• Exercise directions:
Starting at the line that contains "Karl Lagerfeld so", transcribe every remaining line of the data below exactly, and omit all pictures.

### Provided records ###

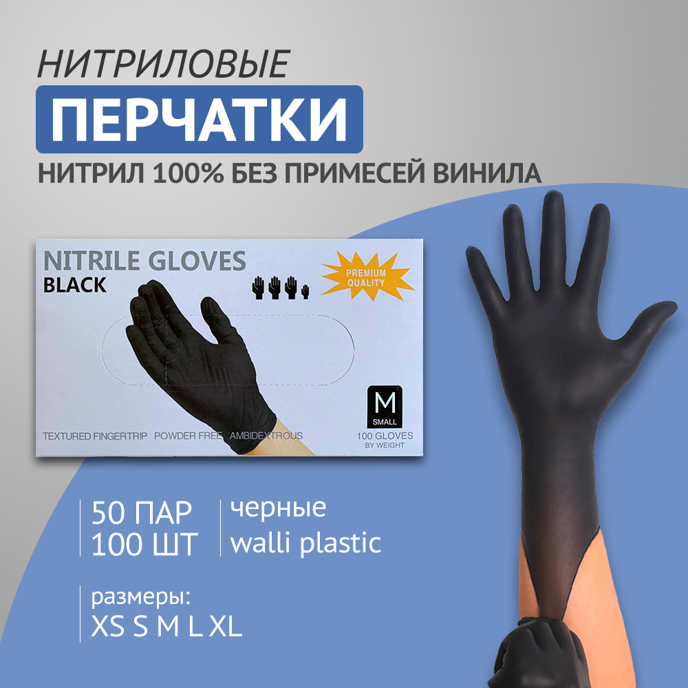 Перчатки нитриловые Wally Plastic размер М чёрные интересное:
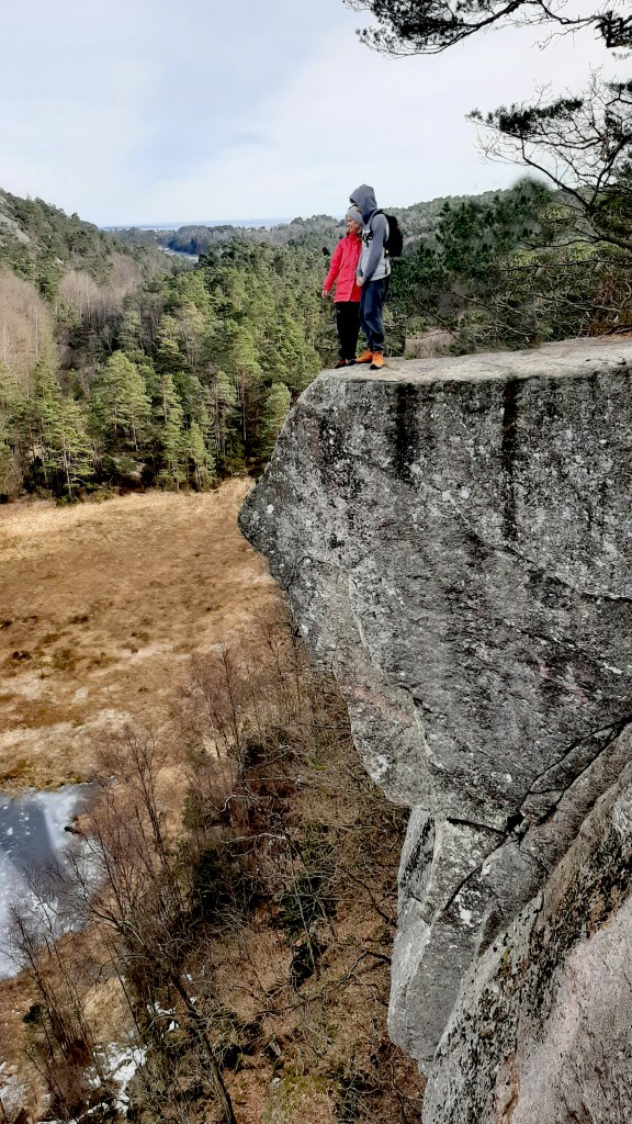 Den Lille Prekestolen var et passe turmål denne dagen. 5-6 kilometer fram og tilbake fra Auglandstjønn Barnehage.
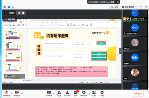 在直播教室,兰州工业公司继续教育公司教学考务部吕惠琴老师向新生们做学习平台使用导学,从学习、考试、统考、论文写作、学位申请、学习服务支持等方面向新生们做了详细介绍。开学典礼在新生与导学老师热烈的问答互动中结束。
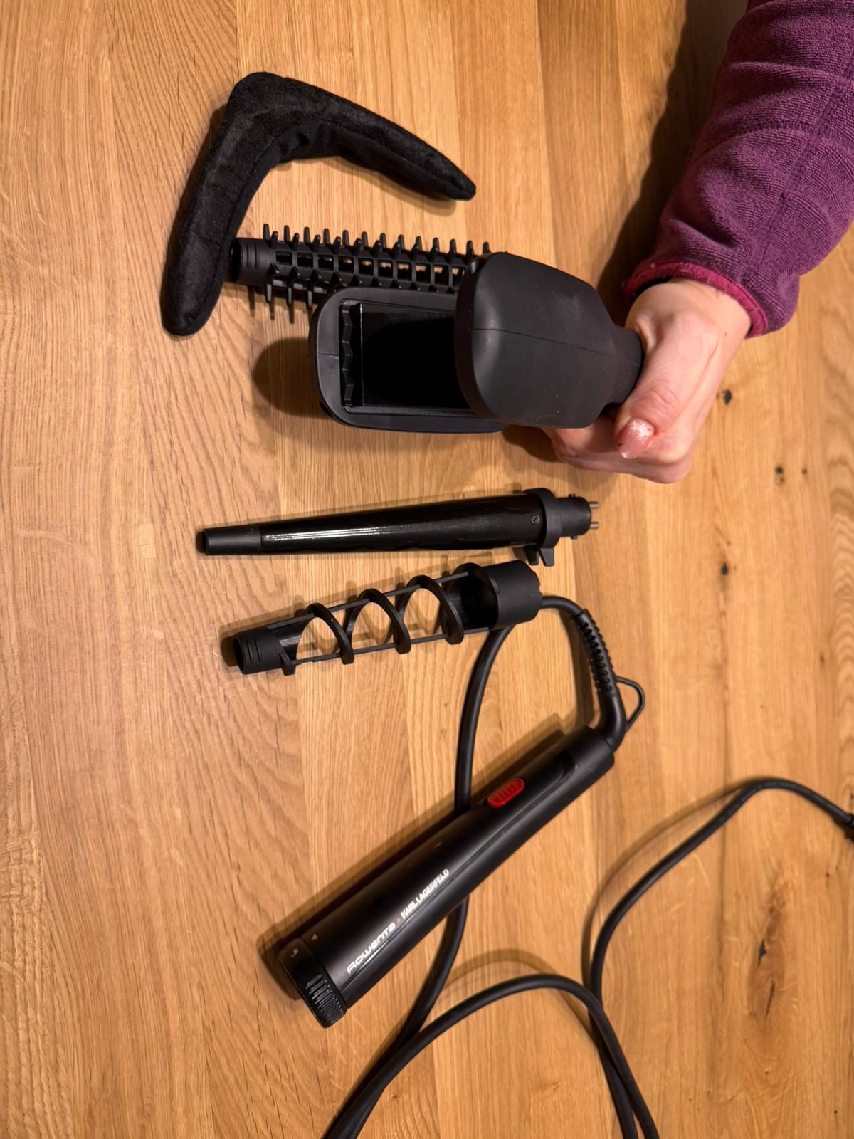 Karl Lagerfeld so 4 nástavami. Vlasy sa ňou dajú žehliť, natáčať, krepovať aj česať. Vďaka optimálnej teplote neničí vlasy. Minimálne používaná.
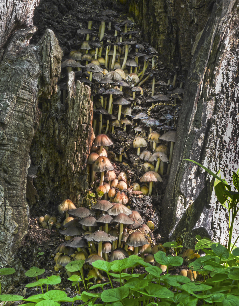 Here are a couple of images of mushrooms growing on a decaying tree on our property. I don't think any of my mushroom images are particularly compelling but I like these. |
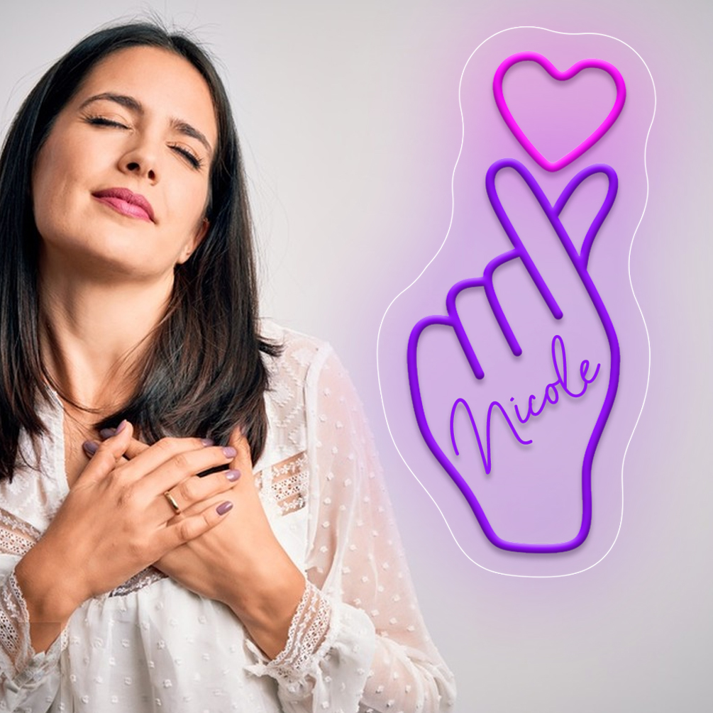 Customised hand than heart pattern neon sign with 3D engraved LED neon light, suitable for barber shops, parties, events, bedrooms, living rooms and home decoration, unique and ideal gift for birthdays, parties, ceremonies, graduations, housewarming and more!

###

• Reply:
 Karl Lagerfeld so 4 nástavami. Vlasy sa ňou dajú žehliť, natáčať, krepovať aj česať. Vďaka optimálnej teplote neničí vlasy. Minimálne používaná.
 Here are a couple of images of mushrooms growing on a decaying tree on our property. I don't think any of my mushroom images are particularly compelling but I like these. |
 Customised hand than heart pattern neon sign with 3D engraved LED neon light, suitable for barber shops, parties, events, bedrooms, living rooms and home decoration, unique and ideal gift for birthdays, parties, ceremonies, graduations, housewarming and more!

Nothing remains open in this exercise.